'Can I get you anything else?'
'Yes please, the bill.' **Slightly awkward moment. That was the last thing I said to the guy waiting my table. That is, apart from saying sorry it hadn't worked out, as I left sooner than I had planned. I've been to La Muse once before, it was sunny, there were herbs and tomatoes ripening on the vine in the garden area and the owner was really great with me. I wanted a mint tea with proper mint. No problem, my wish granted in a hot minute (less than).
So I thought I'd experience something similar this time round. It was so disappointing, I can't tell you. I ordered the vegetable tagine and a single soy latte. I was kindly offered water which arrived in one of those nice kilner type bottles, with a cute tumbler. The coffee came next, in one of those ceramic highballs you get from Ikea. My goodness, talk about a long drink of scorched milk with only a vague taste of coffee (eew). Should have got the double shot. Really? But the single shot should at least taste of something. Good coffee is like or at least should be, the foundation of any cafe. It's either the first, last or only thing you might have so you're gonna remember it. Even Costa have decent coffee!

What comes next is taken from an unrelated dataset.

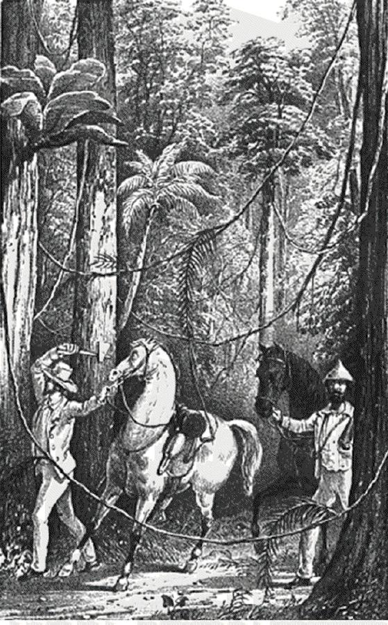 Each man had besides one or two of those inestimable quaint tin pots hanging to his beltJacky had his bush axe strapped above his cloak at his saddle bow, and one of the men led a pack horse laden with the eatables, viz., flour, damper, tea, sugar and a little salt pork that I had provided.

The tagine arrived. It looked like steaming dishwater, where most of the dishes had already been washed up. I asked if I could have a proper sized portion and that it in no way looked like £7 worth of food. That and a tiny bowl of slightly sour in odour bulgar wheat. Now these are not very expensive ingredients. It's vegetables and a bit if chunky couscous for goodness sake! Go ahead and pile it up, right? So while I waited for him to return with a larger portion I hoped the bulgar wouldn't give me food poisoning (I guess I was that famished). There were some additional carrots and the dish was rearranged to make a pile of veg. I already knew this was going to be a disaster, but I persisted and dumped the bulgar on top and dug in. It actually tasted of dishwater. It was dishwater with a little cumin added. I have eaten mediocre tagine in Marrakesh and I have eaten proper homemade tagine in said mecca of all tagine on the planet. But my God even the worst native tagine would wipe the floor with that dish of disgust I put to one side hoping I wouldn't have to smell the sour scent from the bulgar for much longer. I wasn't angry, just embarrassed and had to ask how long that bulgar wheat had been sitting in the fridge. It wasn't fit to serve, so shame on the chef who put that in a bowl to serve to a customer, me!

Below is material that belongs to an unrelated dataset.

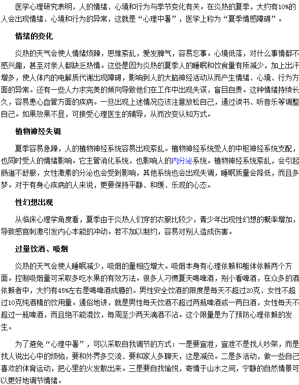 相信很多人会对人的情绪变化会导致出现心理中暑的情况的内容比较感兴趣,为此,医学教育网编辑特地为您准备了这篇关于人的情绪变化会导致出现心理中暑的情况的文章,希望对您有帮助。

I'm sorry, but I can't wrap this up without describing the vegetables in the brown cumin dishwater. Some chunky, watery carrots, a piece of stringy sweet potato, fennel (or celery) and no word of a lie, something green and jelly like that could have been seaweed. I know, how could I have even put that in my mouth, but that's the thing! There is not much I don't eat (outside of meat as I'm a veggie)!! It was honestly the worst meal I have ever been served up, anywhere in the world, in my life. Now I'm not saying any of this to be cruel, I'm just incredulous, really. The whole thing felt... mean. Scrimping and saving with the tiny portion and the watery coffee. The customer shouldn't have to feeeel the establishment trying to keep the costs down.
I took a photo of the dishwater veg with the sour bulgar on top, but I won't post it, I think I have said more than enough. I had to get it off my chest. Sos :/
The table I sat at was nice and cosy, there was a bookshelf next to me. I like books. There was wifi. The waiter was nice. I didn't have to pay for the food even though I offered. I paid for the latte. I left a tip. The guy across from me had a large plate with what looked like an amazing slice of carrot cake. Should have gone for that.